___ Records for this task
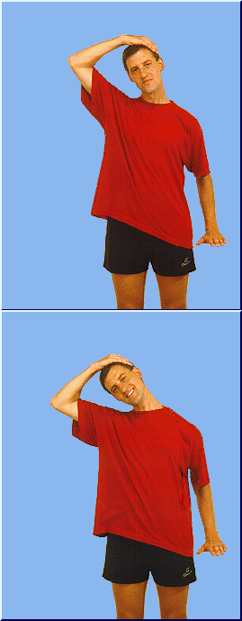 Die rechte Hand an das linke Ohr legen und den Kopf langsam nach rechts ziehen - halten.
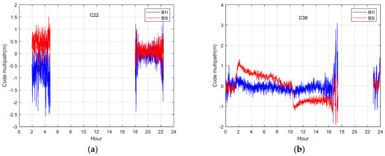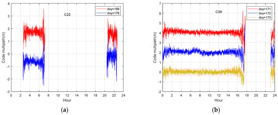 Comparison of the multipath errors for C22 (a) and C38 (b). The vertical 2 m offset was applied to the code multipath sequences for illustration purposes.
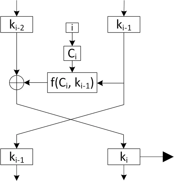 Ключи вычисляются по схеме Фейстеля:
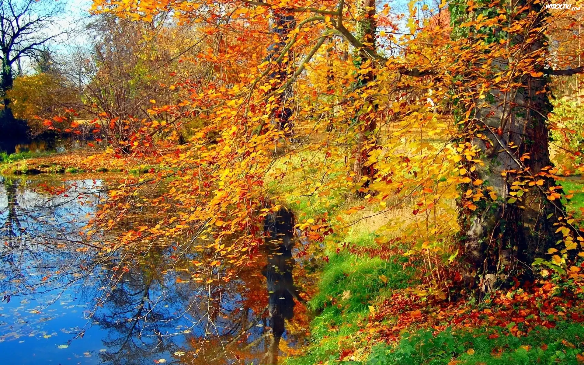 Zdjęcia, Rzeka, Park, Drzewa, Liście, Jesień
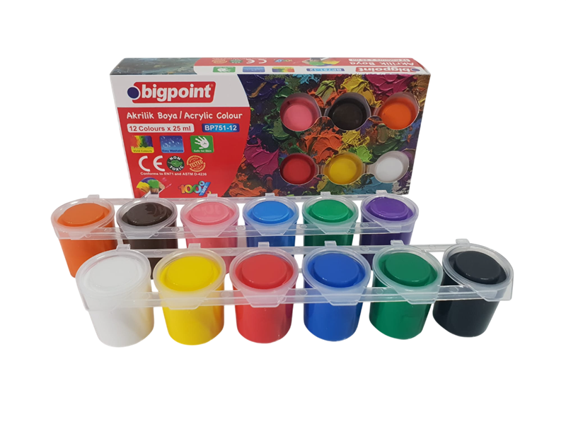 Bigpoint Akrilik Boya 12 Li 25 Ml. Sıralı Şişe Set
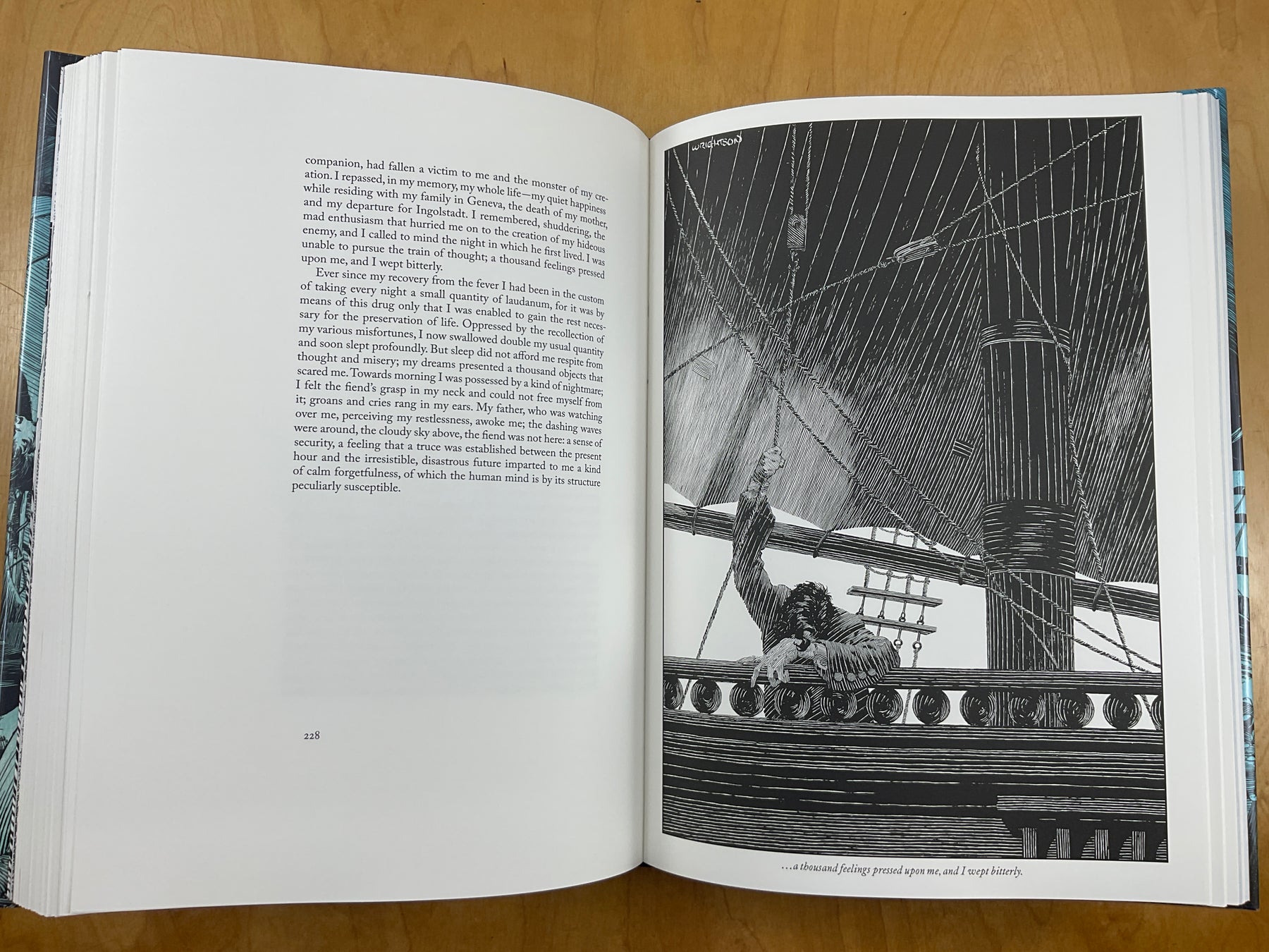But as the story teaches, maybe it’s just as well that creative origins remain a mystery. This is an elemental novel. It begins and ends in ice, and in between are moments of fire. But whatever descriptive fireworks the text may lack were ignited onto the page in 1983 when Bernie Wrightson’s imagination and technical skill gave the creature new life. Wrightson’s illustrations are more than interpretative, they are faithful to both the tale and it’s influences. They illuminate another dimension of depth. The drawings in this edition are integrated with the spirit of the novel in a way that makes it seem as if they were always there, buried, waiting to be dug up, waiting to re-awaken the horror 19th-century readers must have envisioned when reading this book for the very first time.
______
Going by the data above, give back only the lines from the one containing "Comparison of the" through the one containing "Bigpoint Akrilik Boya", exactly as they stand, both ends included and no images.

# Task output
 Comparison of the multipath errors for C22 (a) and C38 (b). The vertical 2 m offset was applied to the code multipath sequences for illustration purposes.
 Ключи вычисляются по схеме Фейстеля:
 Zdjęcia, Rzeka, Park, Drzewa, Liście, Jesień
 Bigpoint Akrilik Boya 12 Li 25 Ml. Sıralı Şişe Set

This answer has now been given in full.